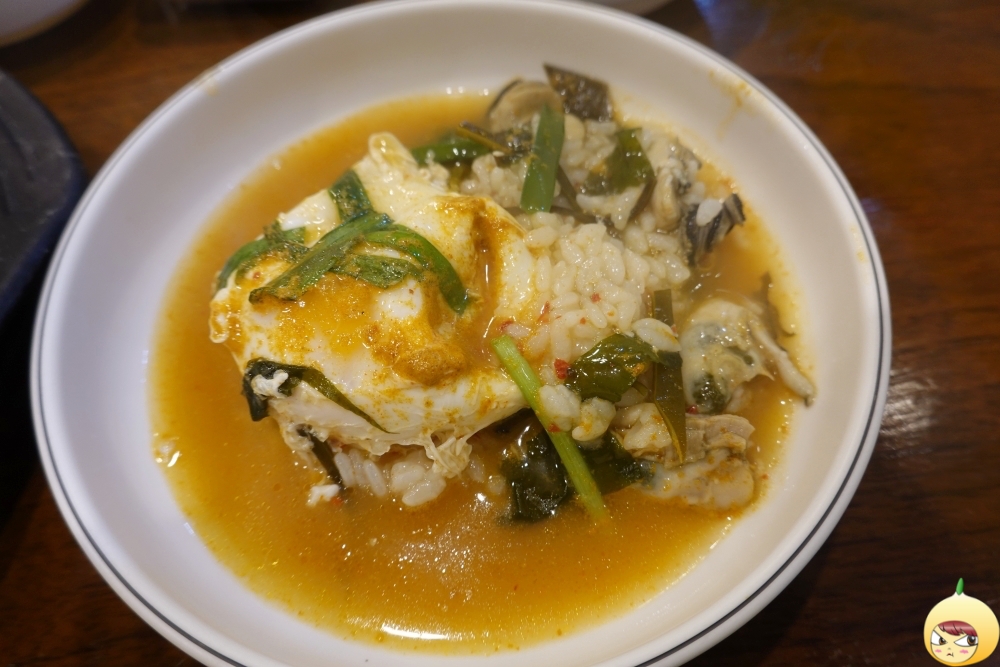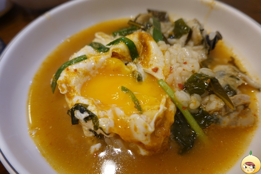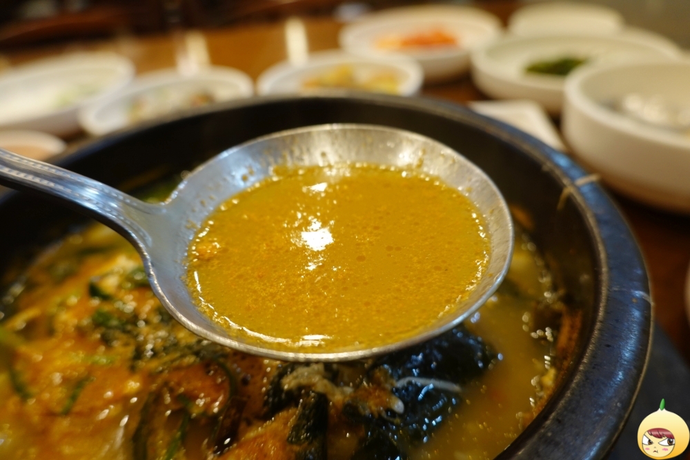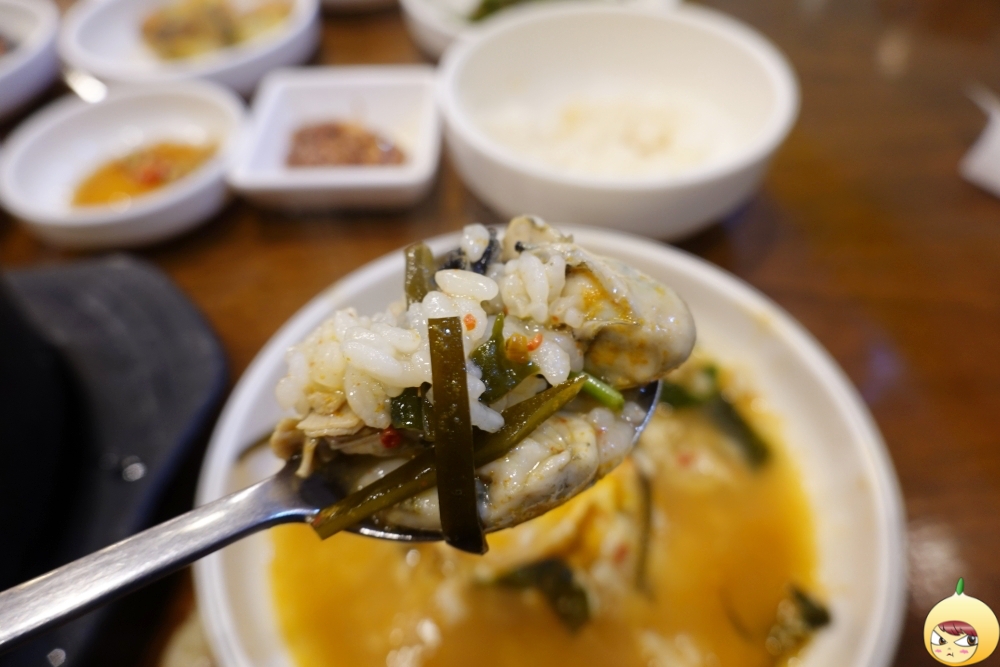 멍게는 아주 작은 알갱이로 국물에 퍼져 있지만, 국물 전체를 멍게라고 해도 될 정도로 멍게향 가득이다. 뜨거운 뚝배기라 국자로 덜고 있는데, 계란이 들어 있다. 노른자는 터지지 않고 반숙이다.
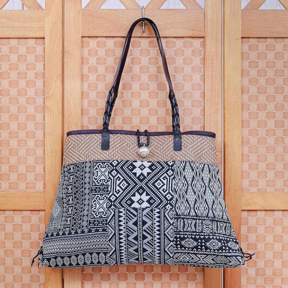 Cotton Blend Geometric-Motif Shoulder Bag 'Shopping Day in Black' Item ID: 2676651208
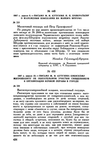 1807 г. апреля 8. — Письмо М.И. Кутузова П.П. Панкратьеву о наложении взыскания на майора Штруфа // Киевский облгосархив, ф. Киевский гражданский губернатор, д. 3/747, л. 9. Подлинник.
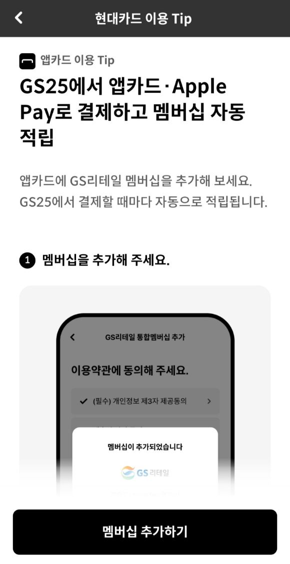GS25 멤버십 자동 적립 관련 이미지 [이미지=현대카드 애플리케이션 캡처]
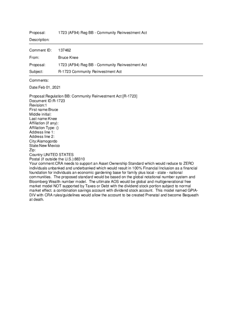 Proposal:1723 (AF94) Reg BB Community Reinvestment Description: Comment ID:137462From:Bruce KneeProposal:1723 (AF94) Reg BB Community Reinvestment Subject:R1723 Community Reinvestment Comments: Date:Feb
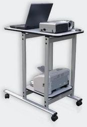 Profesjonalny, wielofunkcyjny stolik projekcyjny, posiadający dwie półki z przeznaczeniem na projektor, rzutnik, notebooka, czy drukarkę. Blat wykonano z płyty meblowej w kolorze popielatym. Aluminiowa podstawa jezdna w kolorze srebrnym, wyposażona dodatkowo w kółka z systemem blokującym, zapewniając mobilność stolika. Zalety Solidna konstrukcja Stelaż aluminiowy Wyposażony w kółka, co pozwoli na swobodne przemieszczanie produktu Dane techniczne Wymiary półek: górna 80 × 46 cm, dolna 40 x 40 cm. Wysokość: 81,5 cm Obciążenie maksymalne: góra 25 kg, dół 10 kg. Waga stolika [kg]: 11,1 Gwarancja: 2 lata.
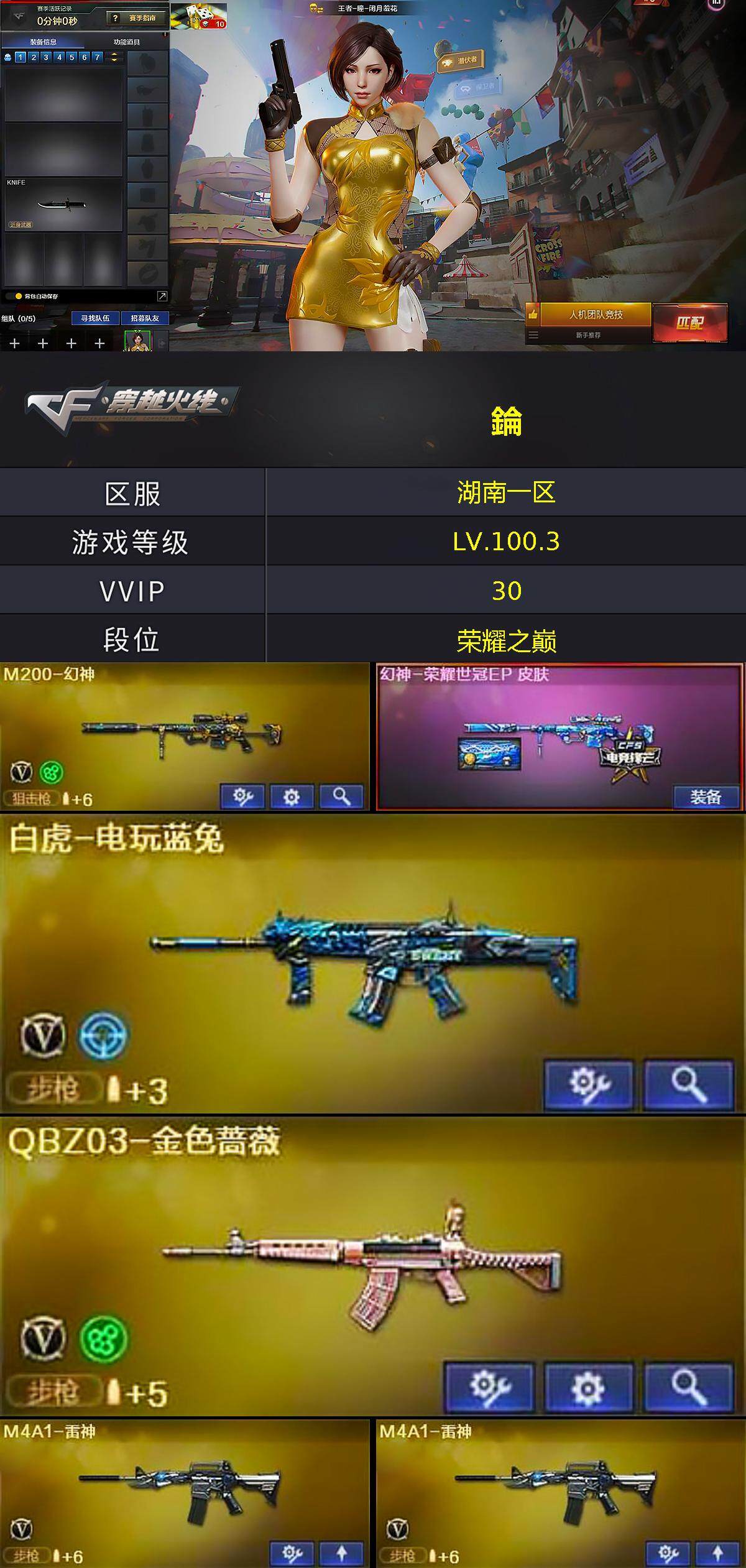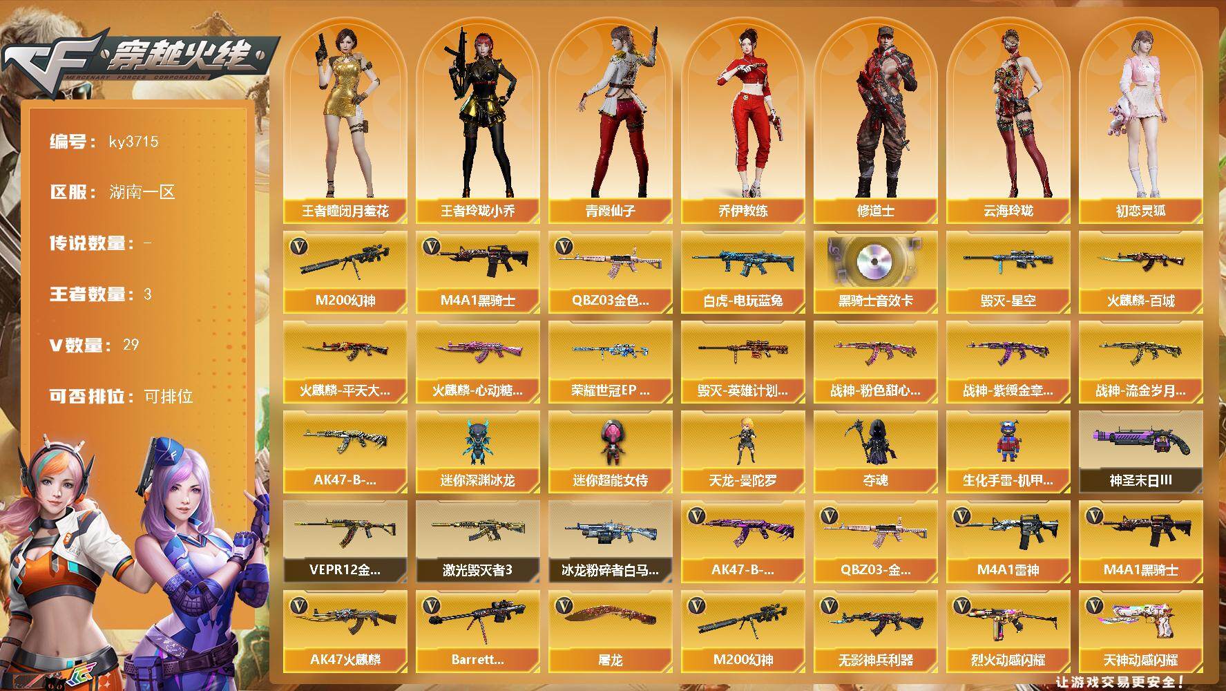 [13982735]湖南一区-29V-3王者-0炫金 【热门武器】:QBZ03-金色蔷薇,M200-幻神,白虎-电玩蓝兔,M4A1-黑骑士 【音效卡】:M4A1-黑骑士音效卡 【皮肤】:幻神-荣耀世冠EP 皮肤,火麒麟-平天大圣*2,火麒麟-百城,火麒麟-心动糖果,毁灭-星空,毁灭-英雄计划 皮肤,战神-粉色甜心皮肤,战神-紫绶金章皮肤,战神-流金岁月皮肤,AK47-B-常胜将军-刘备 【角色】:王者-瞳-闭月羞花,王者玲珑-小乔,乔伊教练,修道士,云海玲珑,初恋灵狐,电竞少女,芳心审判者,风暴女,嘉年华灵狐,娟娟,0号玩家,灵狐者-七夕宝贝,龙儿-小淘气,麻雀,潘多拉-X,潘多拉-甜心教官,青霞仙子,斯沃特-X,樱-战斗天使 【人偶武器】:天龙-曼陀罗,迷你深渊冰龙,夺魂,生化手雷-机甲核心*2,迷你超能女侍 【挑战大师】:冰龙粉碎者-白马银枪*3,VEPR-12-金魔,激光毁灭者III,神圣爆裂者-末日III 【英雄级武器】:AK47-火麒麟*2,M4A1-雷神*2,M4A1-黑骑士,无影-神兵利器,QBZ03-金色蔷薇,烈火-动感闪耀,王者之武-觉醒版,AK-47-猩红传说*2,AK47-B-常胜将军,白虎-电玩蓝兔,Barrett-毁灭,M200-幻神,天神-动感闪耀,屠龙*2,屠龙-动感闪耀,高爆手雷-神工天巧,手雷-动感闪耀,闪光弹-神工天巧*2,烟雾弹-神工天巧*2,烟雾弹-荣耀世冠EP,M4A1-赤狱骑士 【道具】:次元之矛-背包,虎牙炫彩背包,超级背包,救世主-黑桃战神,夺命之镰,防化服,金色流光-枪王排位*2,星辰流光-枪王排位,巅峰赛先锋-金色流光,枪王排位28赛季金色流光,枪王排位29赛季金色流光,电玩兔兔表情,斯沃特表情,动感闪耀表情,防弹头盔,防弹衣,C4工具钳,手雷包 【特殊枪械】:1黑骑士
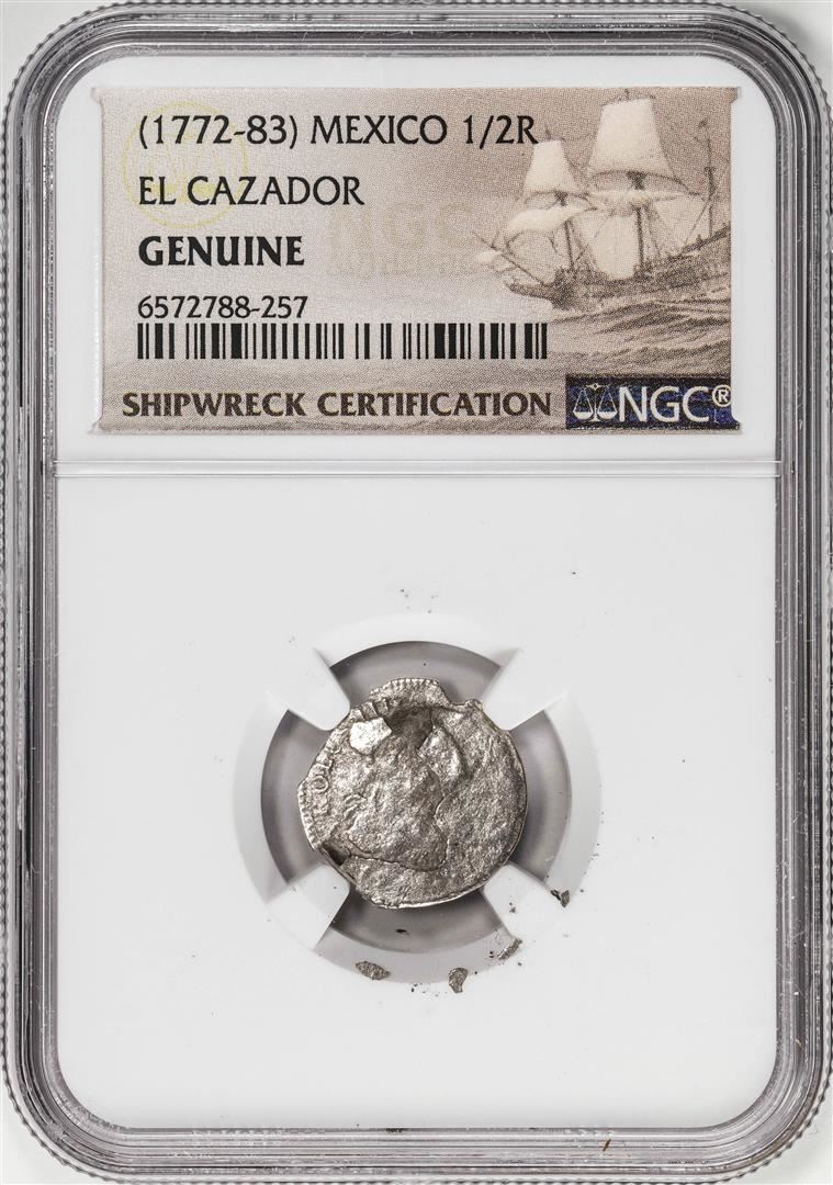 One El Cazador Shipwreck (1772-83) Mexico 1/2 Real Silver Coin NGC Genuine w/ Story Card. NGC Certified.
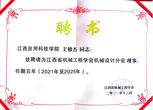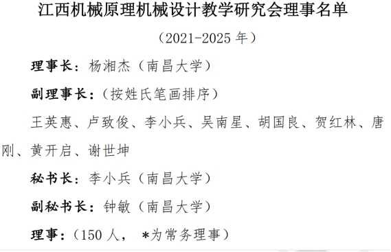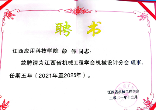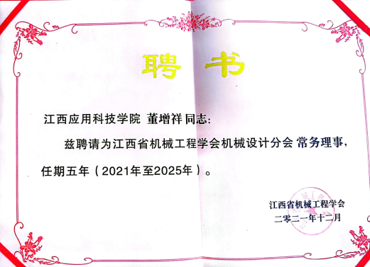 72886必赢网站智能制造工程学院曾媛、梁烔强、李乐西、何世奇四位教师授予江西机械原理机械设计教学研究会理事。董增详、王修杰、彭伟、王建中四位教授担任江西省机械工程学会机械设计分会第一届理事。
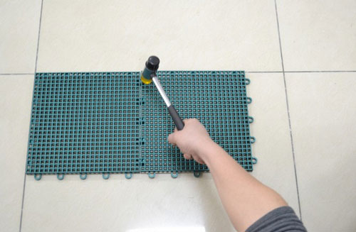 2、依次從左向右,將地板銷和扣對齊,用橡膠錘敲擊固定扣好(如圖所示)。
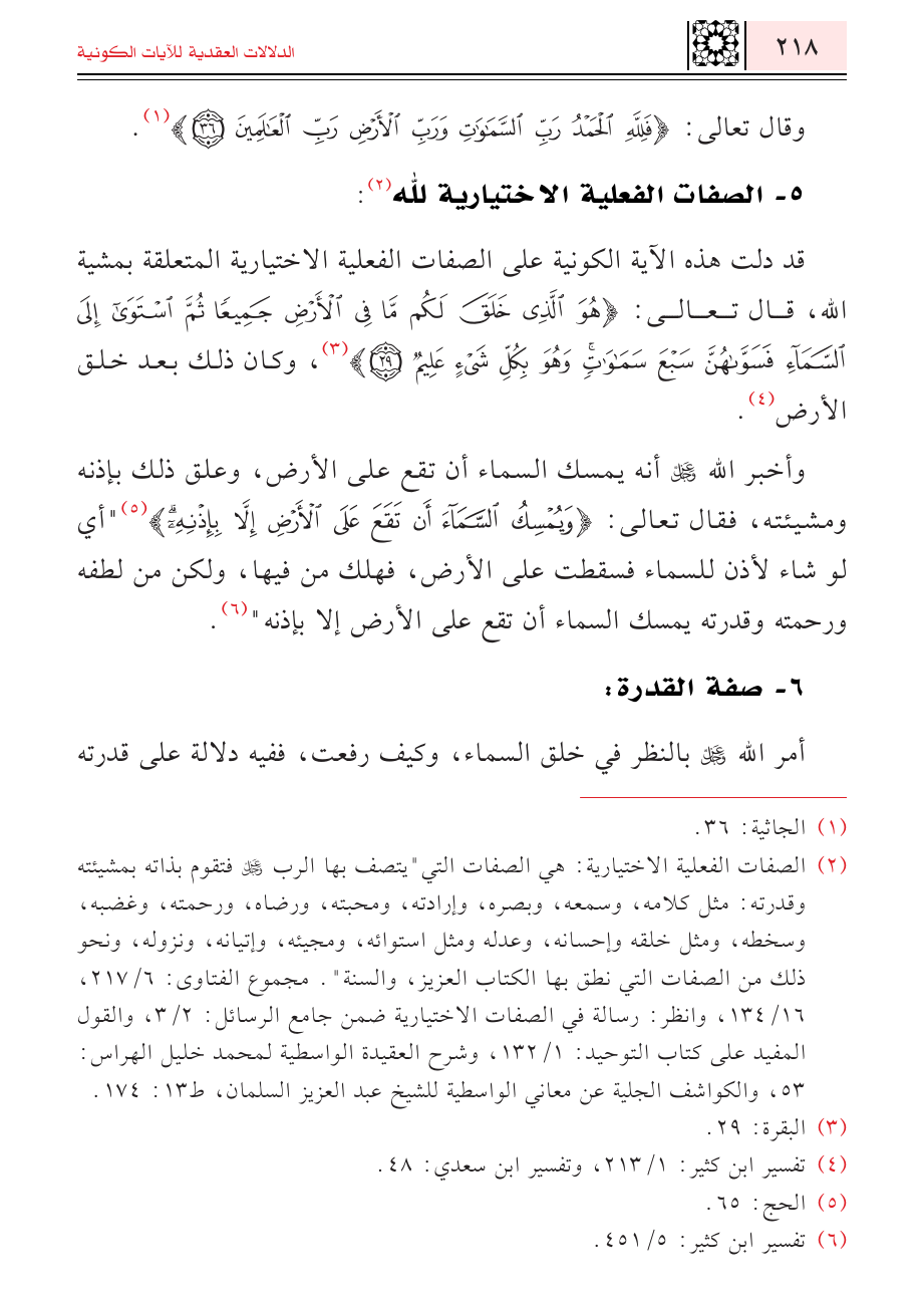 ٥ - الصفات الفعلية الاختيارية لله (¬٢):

● ● ● ● ● ● ●

> PROBLEM DESCRIPTION:
The answer must consist solely of the lines from the first line of the records through the line containing "Cotton Blend Geometric-Motif", reproduced exactly and without the pictures.

> EXERCISE SOLUTION:
 멍게는 아주 작은 알갱이로 국물에 퍼져 있지만, 국물 전체를 멍게라고 해도 될 정도로 멍게향 가득이다. 뜨거운 뚝배기라 국자로 덜고 있는데, 계란이 들어 있다. 노른자는 터지지 않고 반숙이다.
 Cotton Blend Geometric-Motif Shoulder Bag 'Shopping Day in Black' Item ID: 2676651208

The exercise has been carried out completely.